-
Notifications
You must be signed in to change notification settings - Fork 859
FAQ
Technically, no. It is merely a tool, which makes a best effort to follow the style guide. That said, there are no known bugs where formatting code will introduce a style violation. If you see one, please report it!
And of course, many style rules concern issues the formatter has nothing to do with, such as naming.
google-java-format
exposes extremely few configuration options that govern
formatting behavior. Most options are used only to switch entire behaviors on or
off. (The primary exception is --aosp
which allows the tool to be used with
AOSP code, but inside Google this option is never
surfaced through all the various integrations.)
The explicit goals of this tool are to bring consistency to the codebase, and to free developers from arguments over style choices.
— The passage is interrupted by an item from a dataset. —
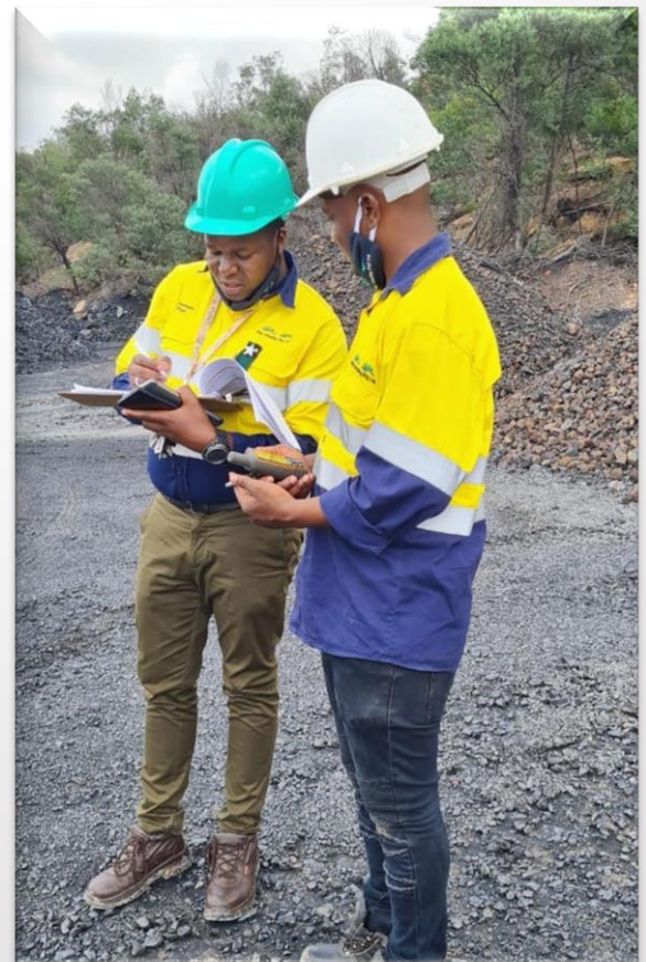
Figure 3: Typical Example of activities to be undertaken

It is an explicit non-goal to support developers' individual preferences, and in fact this would work directly against our primary goals.
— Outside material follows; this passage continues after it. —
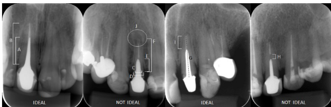
Figure 1. Measures obtained for each assessed tooth. A = 2/3 \times B (ideal post length); C = 1/3 \times D (ideal post diameter); E = 1/2 \times F (ideal post:bone crest ratio); G = post contiguous to root canal; H = presence of gap between the remaining root canal filling and post; I = ideal amount of remaining root canal filling: 4mm; J = absence of periapical lesion.

All radiographs containing endodontically treated teeth with cast metal posts and cores were expanded, and the measures were taken observing the absence or presence of failures according to the following prosthetic principles: length of post, diameter of post, ratio between post and bone crest, contiguity of post to root canal, gap between post and the remaining root canal filling, amount of remaining root canal filling, and absence of periapical lesion. The following prosthetic data were considered satisfactory: cast metal posts and cores with post length equal to 2/3 of root length (1mm error margin); post diameter equal to 1/3 of root diameter (0.5mm error margin); post:bone crest ratio with the post reaching 1/2 of root bony implantation; post contiguous to root canal with no deviations; absence of gap between post and the remaining root canal filling (0.2mm error margin); remaining root canal filling in the apical third of the tooth, with a minimum of 4mm of gutta percha (below 4mm was considered inadequate and above 4mm was considered adequate, as long as not combined with short posts); and absence of periapical lesion (Figure 1).
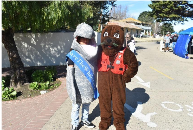
FIGURE 10 AXTTER AND FRIEND

Also, the lack of configuration enables us to deliver a much more thoroughly-tested, high-quality tool. (As configurable parameters rise, the complexity and difficulty of testing rise exponentially.)
Finally, perhaps your preferred formatting is not merely a matter of taste, but
one that just may be objectively superior to google-java-format
's! In that
case, please see Reporting issues. Maybe we can all benefit!
There are at least two kinds of source code formatter one could build. One kind finds violations and fixes them (an auto-correcting linter). The other kind ignores the existing formatting choices in the file, seeing only a stream of tokens, and chooses a formatting for those tokens following a consistent set of rules.
google-java-format
(like clang-format
before it) is of the second kind (with
various exceptions). Its goal is not just to correct mistakes; it
is to free developers from having to make formatting decisions in the first
place, bringing greater consistency to your codebase. Every time the formatter
decides to preserve an existing formatting choice, it works directly against
that goal.
Users have also found it to be very liberating to not have to care what initial formatting they choose. Said one early adopter joyfully, "I just write code like a four-year-old doing finger paints!"
We have no plans to build the other kind of formatter.
There are exceptions. For example, the formatter preserves your choices of interior blank lines inside a method implementation. Before opting to preserve an existing formatting choice, we check whether all three of these criteria are met:
- The formatting choice has an important effect on readability.
- The choice depends on the nature of the code in question, not just on varying personal preferences.
- We consider it infeasible for the formatter to figure out an acceptable choice on its own.
Notice, for example, that these criteria are clearly met in the case of interior blank lines, and that's why the formatter preserves them.
The important thing to understand is that nearly every aspect of how the existing code was formatted is intentionally ignored. So, trying to understand its behavior in terms of why it chose certain changes will lead to confusion and difficulty communicating. For the most part, it sees only tokens, and it makes formatting decisions in total unawareness of the previous state.
So you run the formatter, and you read the code it produced, and you spot something you strongly dislike. Yes, this will happen. No matter how much we improve the formatter, it will never be as smart or tasteful as a human like you. When this happens, please report an issue if you suspect the formatter could have made a better global decision.
But then, do you grit your teeth and keep google-java-format
's "bad"
formatting in your current change? Or hand-edit your code to "fix" the problem?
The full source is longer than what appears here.